* _Information given_
┌────────
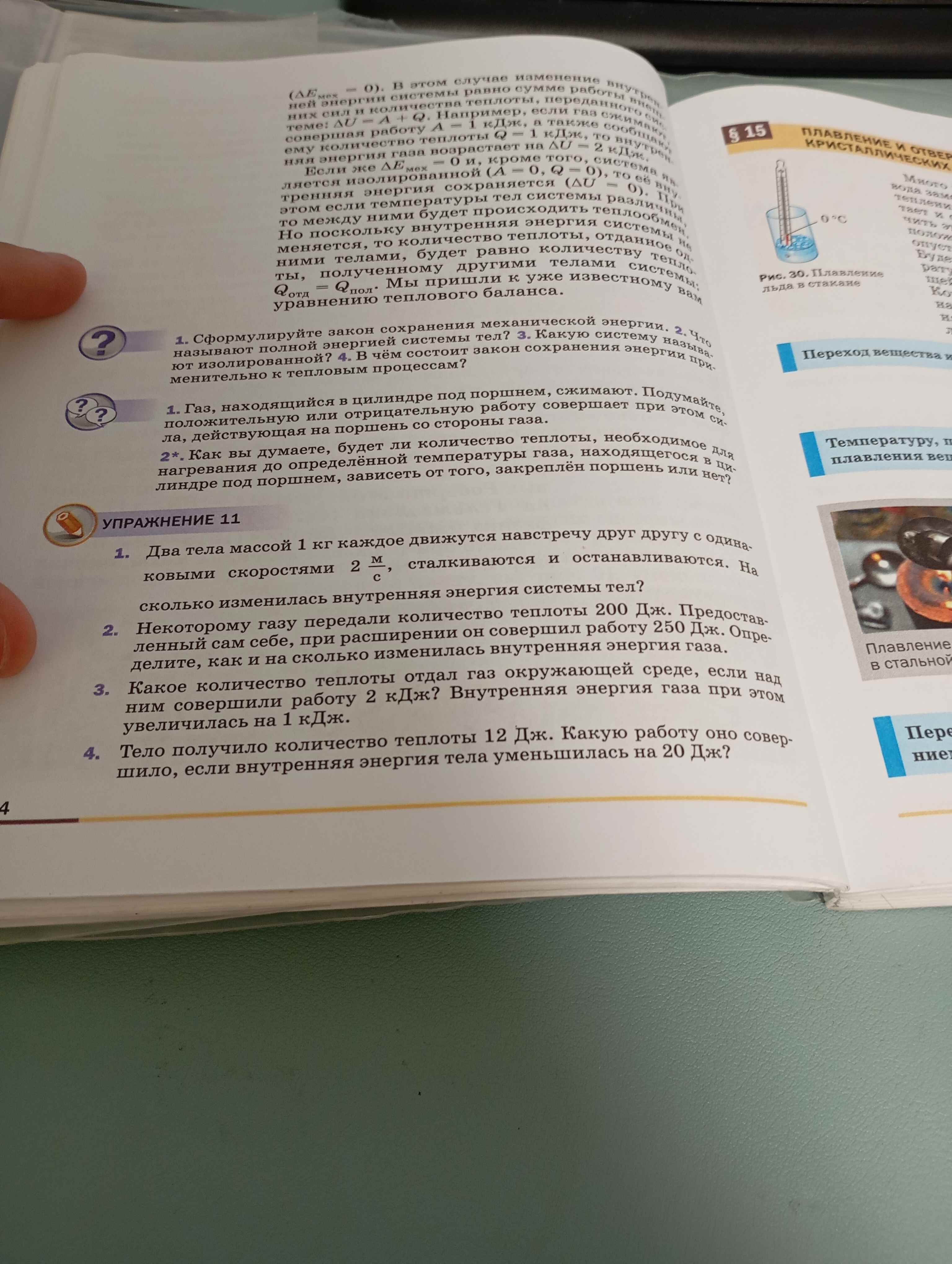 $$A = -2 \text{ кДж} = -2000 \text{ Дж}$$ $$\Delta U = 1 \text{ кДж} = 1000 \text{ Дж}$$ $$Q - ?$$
└────────
┌────────
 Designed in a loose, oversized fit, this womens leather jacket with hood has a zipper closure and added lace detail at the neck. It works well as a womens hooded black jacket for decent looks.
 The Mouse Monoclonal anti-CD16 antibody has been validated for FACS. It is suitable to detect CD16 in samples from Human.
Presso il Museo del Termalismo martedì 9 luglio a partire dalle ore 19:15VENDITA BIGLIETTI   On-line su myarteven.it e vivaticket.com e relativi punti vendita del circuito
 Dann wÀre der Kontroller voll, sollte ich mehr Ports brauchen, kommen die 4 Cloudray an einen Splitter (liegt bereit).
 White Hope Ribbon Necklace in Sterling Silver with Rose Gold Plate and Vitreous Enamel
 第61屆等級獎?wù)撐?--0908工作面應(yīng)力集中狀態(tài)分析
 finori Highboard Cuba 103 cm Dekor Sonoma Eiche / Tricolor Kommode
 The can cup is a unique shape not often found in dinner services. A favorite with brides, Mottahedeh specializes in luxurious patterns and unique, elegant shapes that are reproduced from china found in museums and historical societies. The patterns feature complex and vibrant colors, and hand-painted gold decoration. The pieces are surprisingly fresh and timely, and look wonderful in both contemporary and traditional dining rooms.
└────────
┌────────
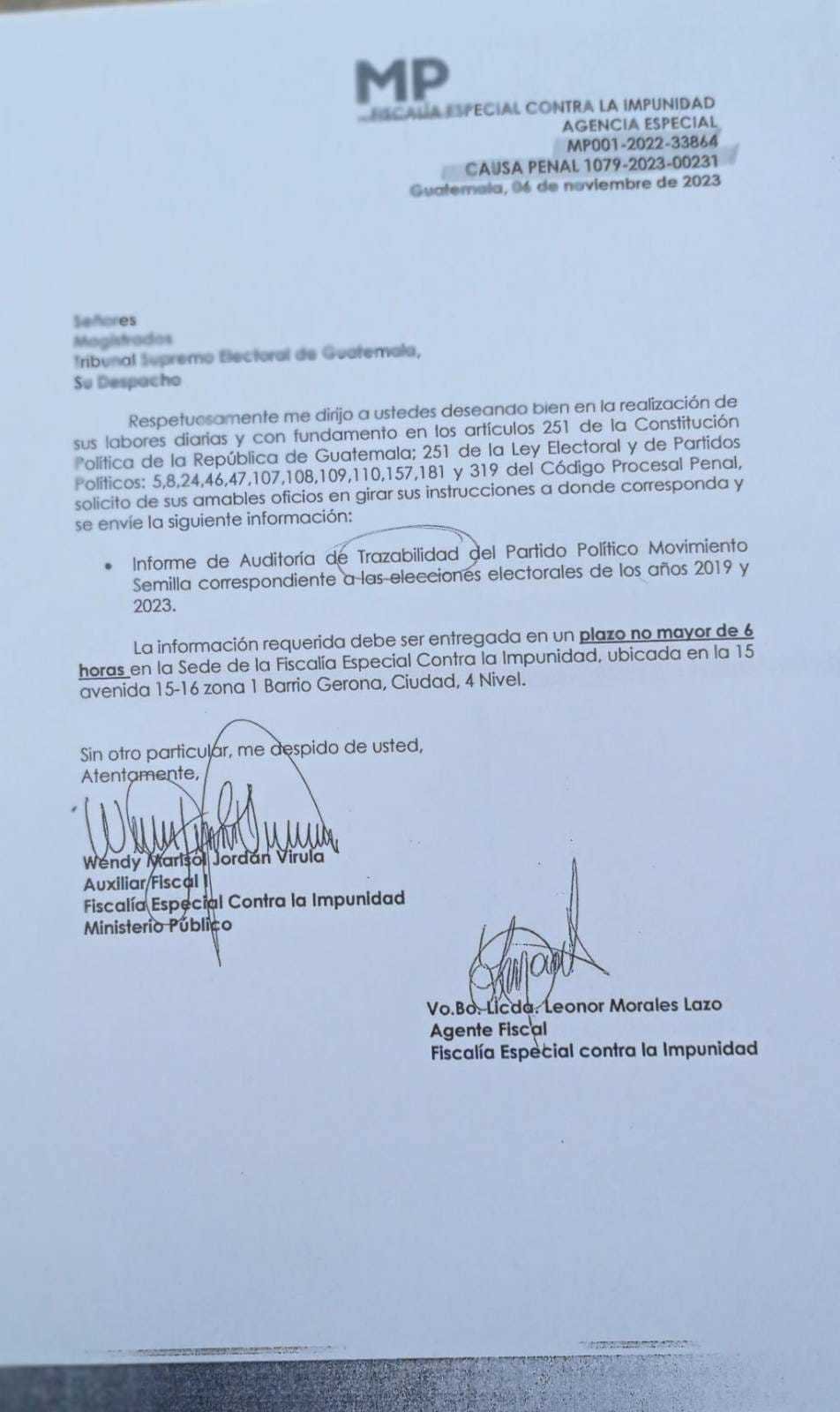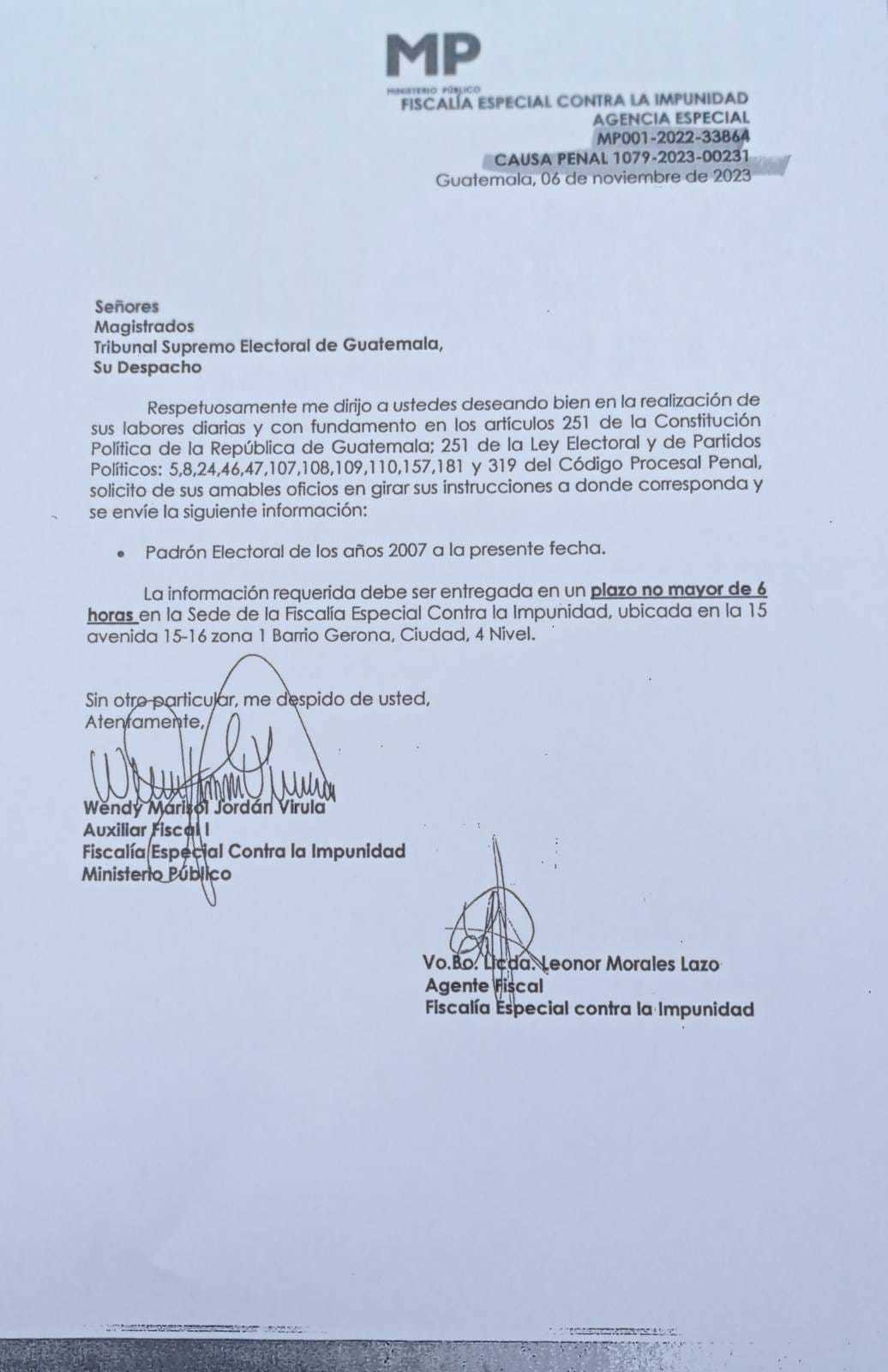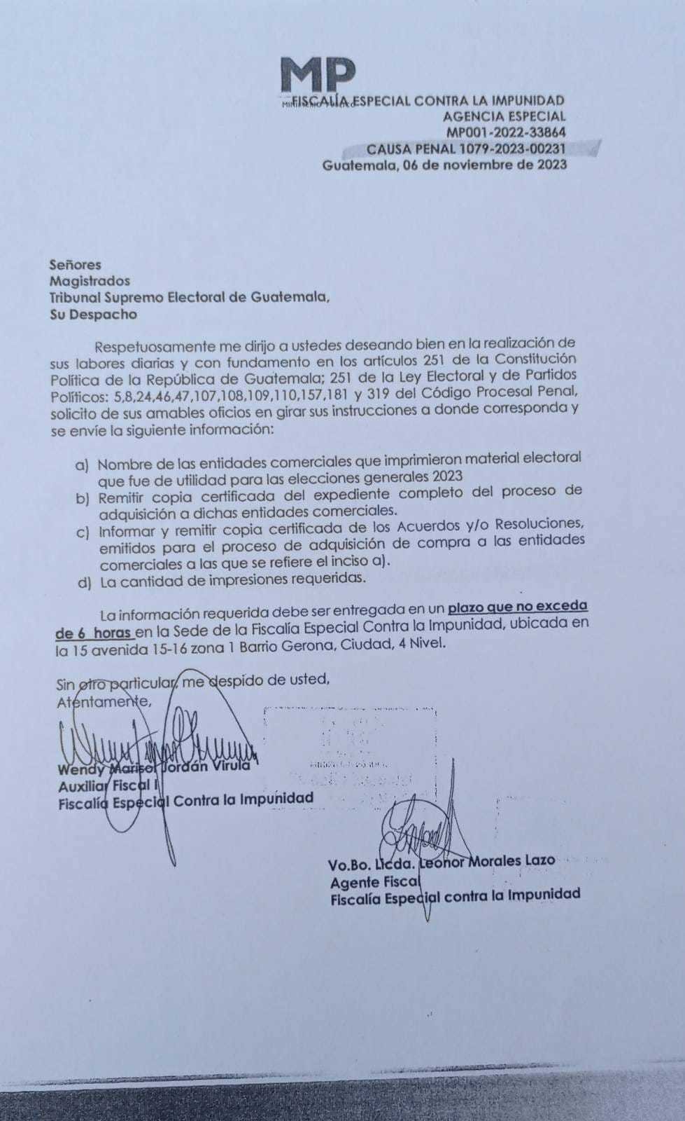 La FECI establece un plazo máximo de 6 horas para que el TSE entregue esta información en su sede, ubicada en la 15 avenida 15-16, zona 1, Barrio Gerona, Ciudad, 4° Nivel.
└────────
* _Requirement_
Word for word, restate the lines above from the line containing "White Hope Ribbon" through the line containing "The can cup", with both included and nothing else.

* _Result for this exercise_
 White Hope Ribbon Necklace in Sterling Silver with Rose Gold Plate and Vitreous Enamel
 第61屆等級獎?wù)撐?--0908工作面應(yīng)力集中狀態(tài)分析
 finori Highboard Cuba 103 cm Dekor Sonoma Eiche / Tricolor Kommode
 The can cup is a unique shape not often found in dinner services. A favorite with brides, Mottahedeh specializes in luxurious patterns and unique, elegant shapes that are reproduced from china found in museums and historical societies. The patterns feature complex and vibrant colors, and hand-painted gold decoration. The pieces are surprisingly fresh and timely, and look wonderful in both contemporary and traditional dining rooms.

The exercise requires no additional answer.